# how to make games in c++



## mayoorite (Nov 16, 2011)

Hi! guys i am a beginner in c++ and want to make a game in c++(its a project for computer exhibition).So please help me in making simple games.And i also don`t know to create graphics in c++.

Please reply


----------



## webgenius (Nov 16, 2011)

Learn to use graphics libraries in C++


----------



## Vyom (Nov 16, 2011)

Knowledge of Graphics in C++, isn't necessary for you to built games in them.

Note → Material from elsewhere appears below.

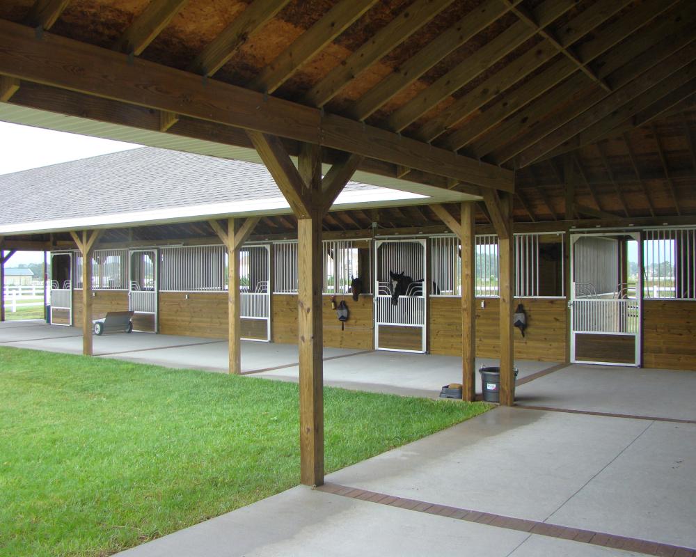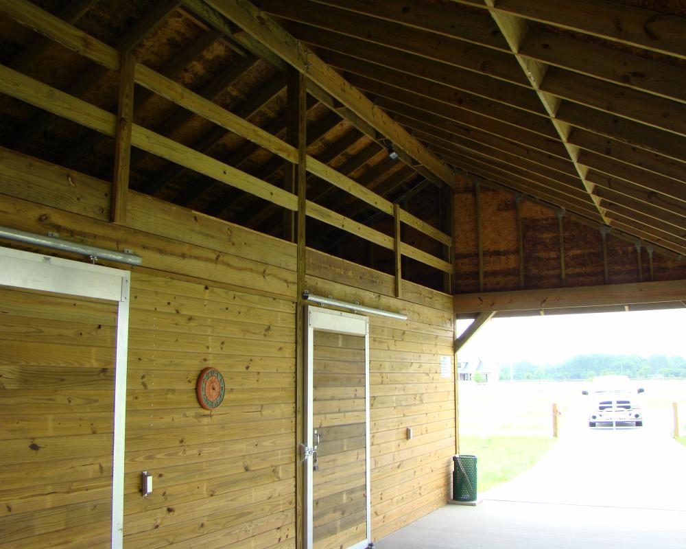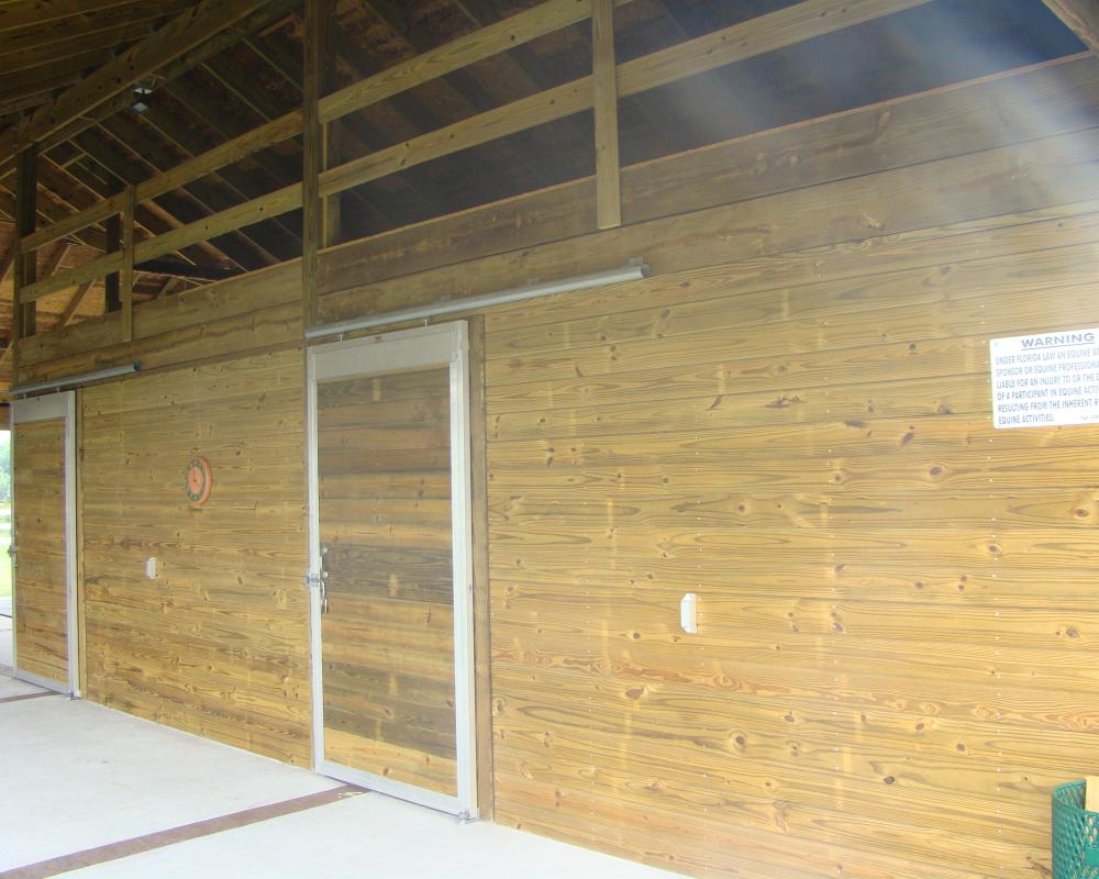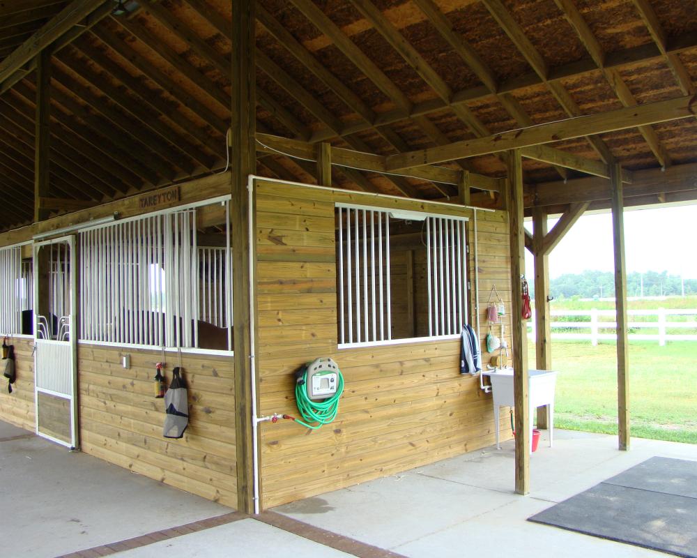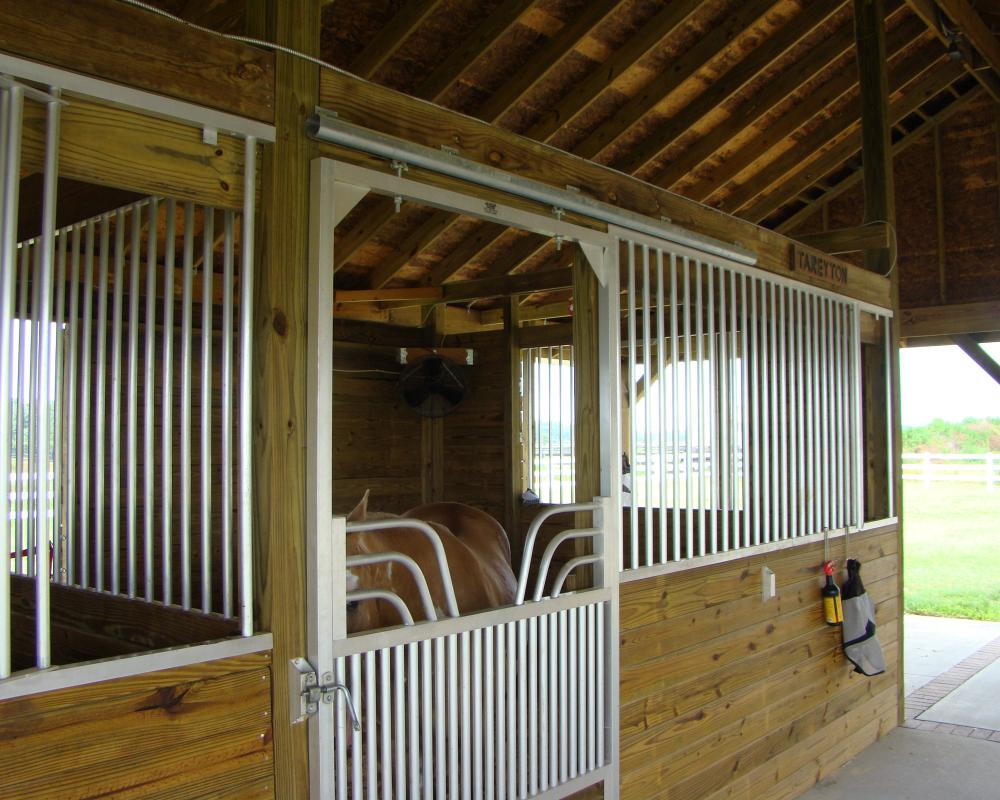 In this 6 stall open air barn construction, Coolbreeze Gossip Sliding Doors were used along side stall front grilles which feature Feeder Access Doors. Gossip Gate Sliding Doors allow horses to view the aisle yet, slide open. The advantage to this style door is less area is occupied in the aisle when opening and no need to latch the gate open like traditionally hinged gates. Feeder Access Doors in each stall front allow quick and easy access to feed horses both hay and grain through the same feed opening. The 8′ tall door frame lines up nicely with the 4′ tall stall front and partition grilles. A window grille on the end of the stall is equipped with a Lift Out Panel to allow the stall occupant freedom to view the wash area. When washing takes place the Panel can be installed quickly to prevent horse’s head to hang out of the stall. The Tack and Feed Room Door Frames have been supplied by Armour while Southern & Traditional Homes installed the horizontal lumber.

If you really mean, "simple", by the term, simple games, then you can start with non-graphic games, like Hangman (Word Guessing Game), Tic-Tac-Toe or similar puzzles.
Posssiblities are endless.


----------



## nims11 (Nov 16, 2011)

learn some Graphics library like openGL.

or
for simple games
C++ Game Programming


----------



## priyaranjan (Nov 27, 2011)

mayoorite said:


> Hi! guys i am a beginner in c++ and want to make a game in c++(its a project for computer exhibition).So please help me in making simple games.And i also don`t know to create graphics in c++.
> 
> Please reply



if u want to do game programing then u can learn some library like allegro . This library is open source u need to down load binaries of this library and configure it with your 
VISUAL C++  compiler and can start programing . just google "how to configure allegro with visual c++". And find some tutorial on allegro.  Have fun !


----------



## Neuron (Nov 27, 2011)

I'd recommend you to make a game using Dark GDK first.Then move on and learn advanced APIs if you want to take it as a career.


----------